When the first laser (1) is working, the continuous detection light amplified by the stimulated Brillouin scattering effect is separated by the wavelength division multiplexer (7), and then filtered by the optical filter (8) Then enters the third coupler (3c), and is finally received by the photodetector (9);

When the second laser (2) is working, the back-Rayleigh scattered light from the second laser (2) in the optical fiber under test is separated by the wavelength division multiplexer (7) and then enters the optical fiber. The third coupler (3c) is finally received by the photodetector (9);

The analog-to-digital conversion module (10) uses a single-channel data acquisition card to collect the electrical signal output by the photodetector (9), and then transmits it to the signal processing module (11) for processing.

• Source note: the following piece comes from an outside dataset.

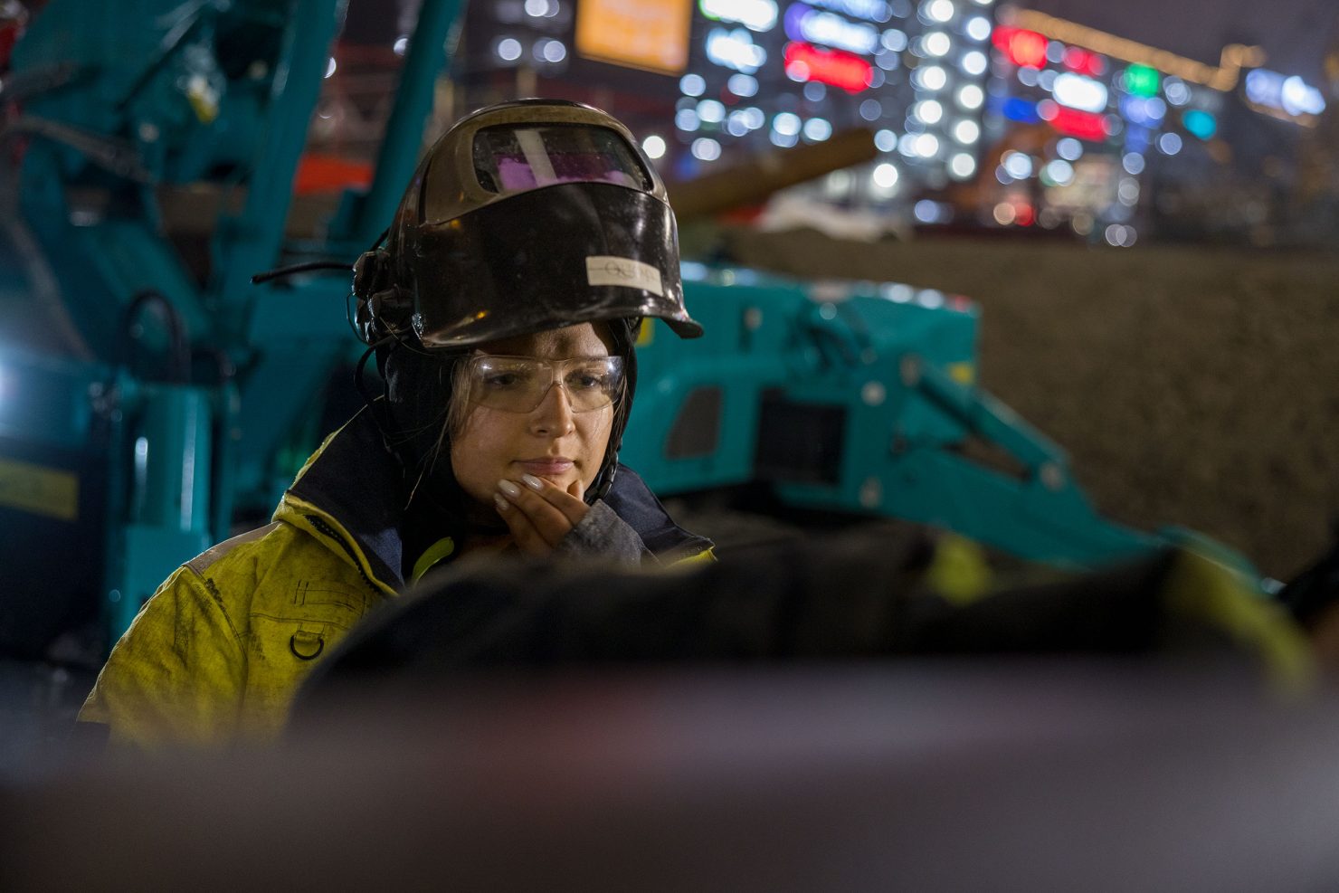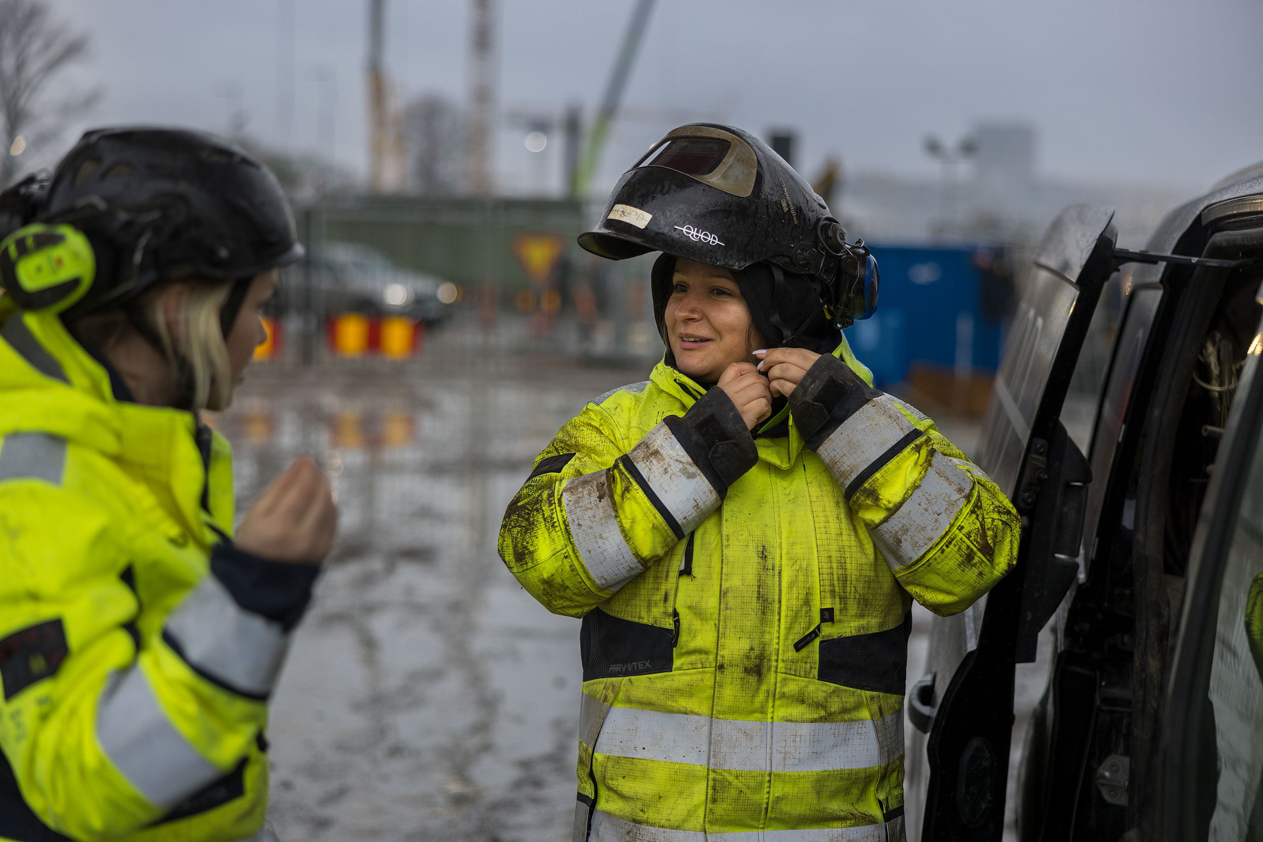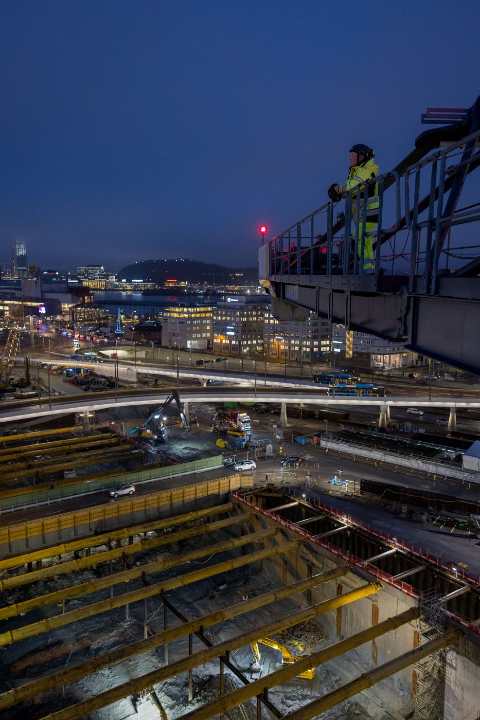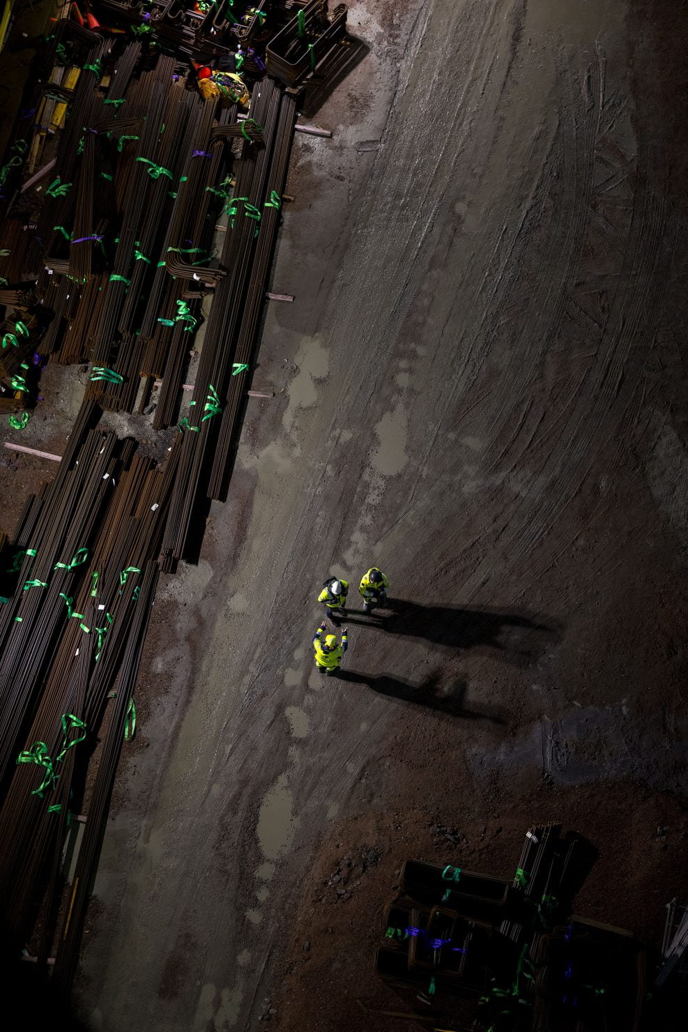 Matkalla tämän jättimäisen rakennustyömaan läpi he ohittavat kaivinkoneita, suuria nostureita ja rakennustyöntekijöitä, jotka ovat pukeutuneet huomiovaatteisiin.

8. A multi-parameter distributed optical fiber sensing device according to claim 1, characterized in that the first electro-optical modulator (4a) is selected to modulate the first laser (1) and the second laser (2) Output continuous light, thereby obtaining pump light pulses in the Brillouin optical time domain analysis mode and detection light pulses in the optical time domain reflection mode.

9. A multi-parameter distributed optical fiber sensing device according to claim 1, characterized in that the sensing device includes a second laser driver (2a):

The second laser driver (2a) is selected to drive the second laser (2) to generate light pulses, and the light pulses and the pump light pulses from the first laser (1) pass through the second coupler (3b ) is coupled into the optical fiber under test.

10. A multi-parameter distributed optical fiber sensing device according to claim 9, characterized in that the second laser driver (2a) drives the second laser (2) to linearly change its output wavelength to Realize the characterization and fault location of the optical fiber under test.